In this article you'll work through four applications in order: putting a subquery in the FROM clause (a derived table), writing one in a SELECT column, combining it with CASE, and building a new table from a subquery's result.

The material is three employee-data tables.

Using employee (30 employees), department (6 departments), and sales (50 sales line items), you'll build a per-department aggregate table and line up each employee's total sales as a column.

Before starting the exercises, take a look at the column definitions and sample data of the three tables this article uses — employee / department / sales.

① Run PRAGMA table_info(...) to check the column definitions of all three tables.

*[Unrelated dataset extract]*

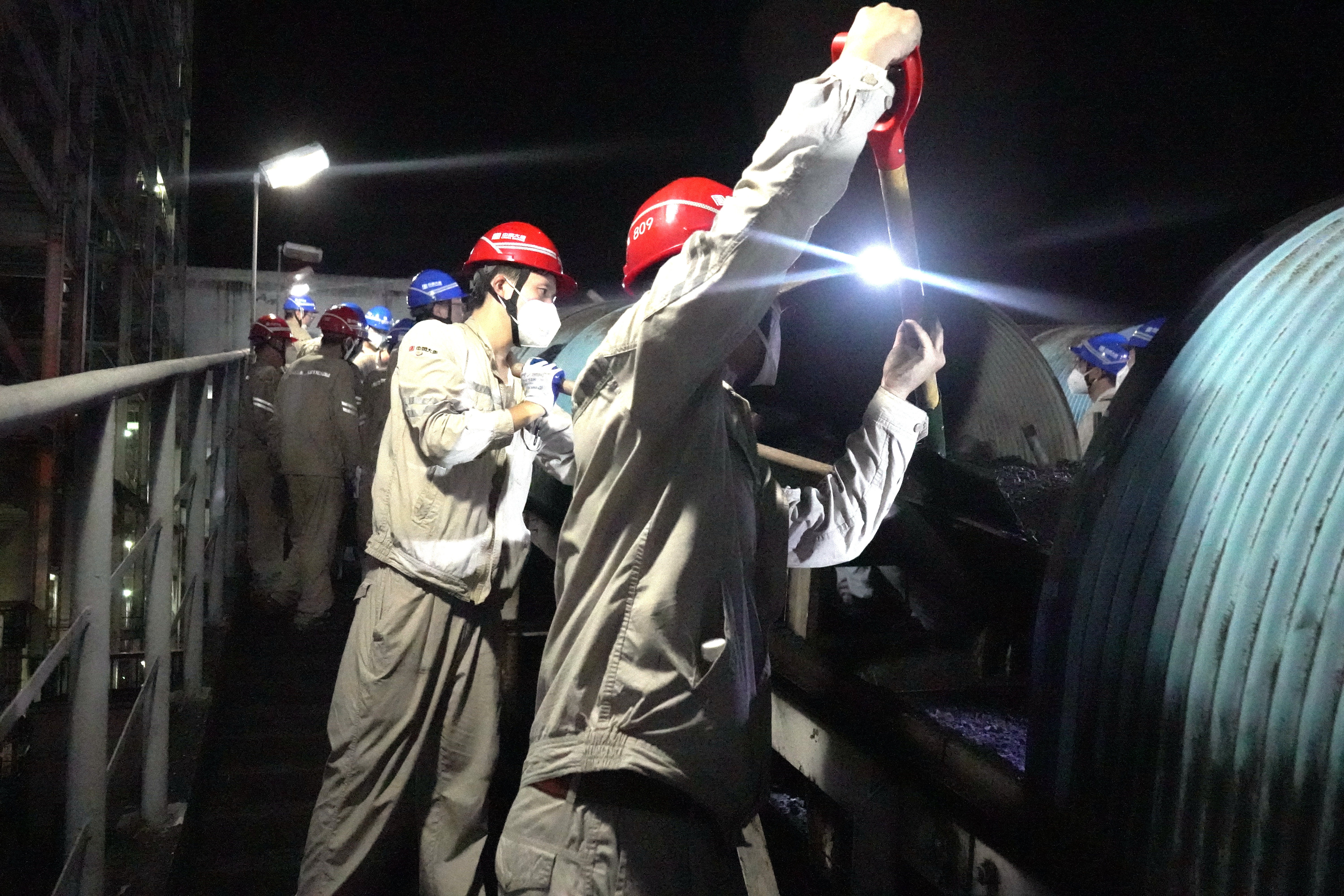 “注意与运行设备保持距离!大家压紧口罩鼻梁条,做好粉尘防护,随时观察脚下环境,防止绊倒。”安全监督组队员穿梭其间,紧盯细节,给这场“夜战”拉上一道安全防线。
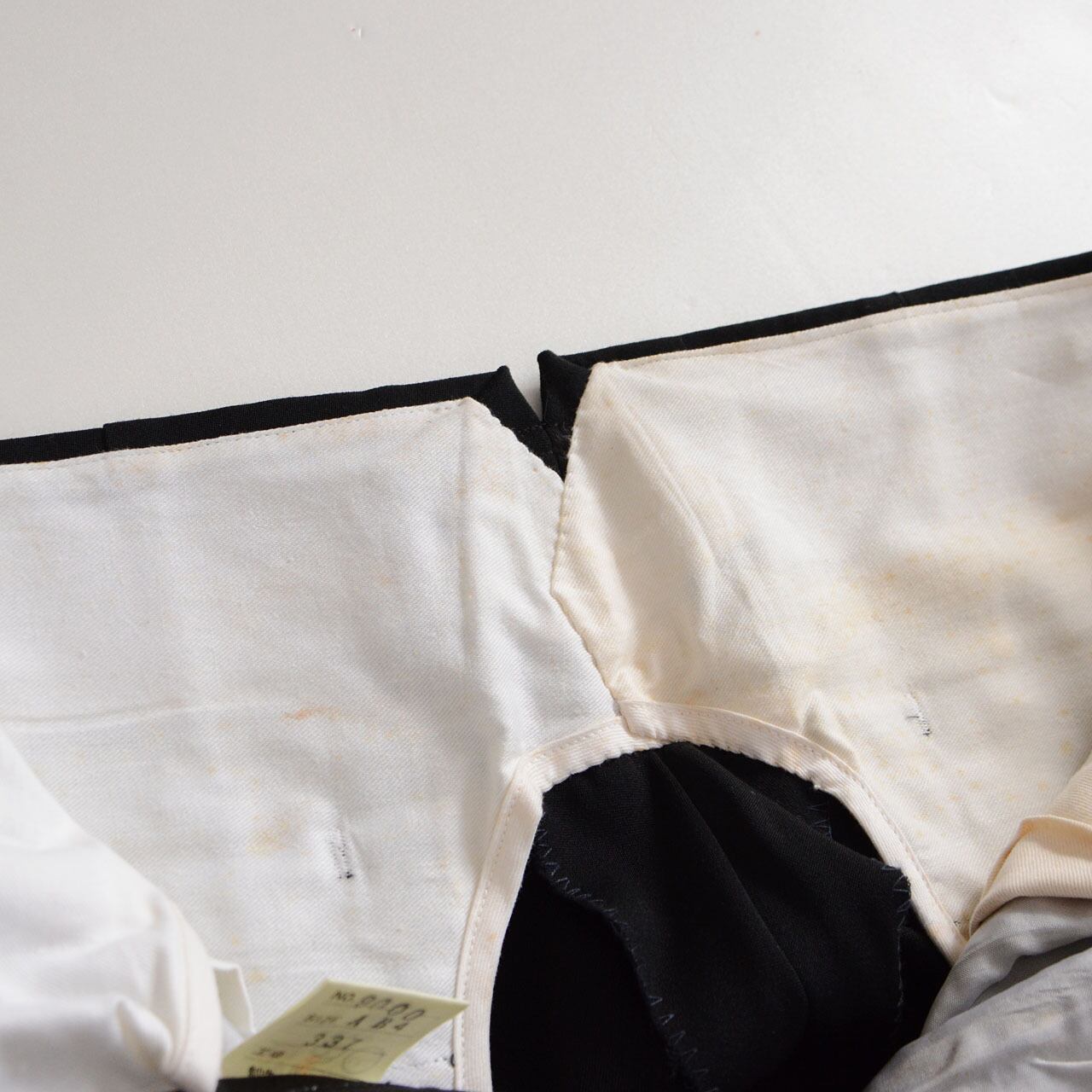 ウエスト後部にはクラシックなテーラード仕様であるVカットを採用。座った際や長時間の着用でもストレスを感じにくく、現代の量産品ではほとんど見られない職人の丁寧な仕立てが光ります。

② Run SELECT * FROM table_name LIMIT 5; to preview the first 5 rows of each table.

SQL Editor

Run a query to see results

Derived tables in FROM — treat a subquery's result as a single table

A derived table is a way of writing a subquery in the FROM clause so that its result is treated as a single virtual table.

You can build "the average salary per department" first as an aggregate table, then apply further JOINs or WHEREs to that table.

It's handy when you want to narrow down an aggregated result one more step.

The key rule for derived tables is that you must give it an alias.

Write AS alias like FROM (SELECT ...) AS ds (SQLite also lets you drop AS) — without it you get an error.

Through that alias you reference the derived table's columns, like ds.avg_salary.

Derived table in FROM — reuse an aggregate result as a table

The inner subquery builds a per-department aggregate table, and the outer query gives it an alias and JOINs it with department. With a derived table you can aggregate first, then JOIN and filter.

-- Derived table in FROM: aggregate headcount and avg salary per department, then join with department
SELECT d.dept_name, ds.headcount, ds.avg_salary
FROM (
  SELECT dept_id, COUNT(*) AS headcount, AVG(salary) AS avg_salary
  FROM employee
  WHERE dept_id IS NOT NULL
  GROUP BY dept_id
) AS ds
JOIN department d ON d.dept_id = ds.dept_id
ORDER BY ds.avg_salary DESC;

Picture this requirement: "aggregate the average salary per department, and list only the departments whose average is higher than 5,900,000, with their department names." (Run it correctly and the explanation appears.)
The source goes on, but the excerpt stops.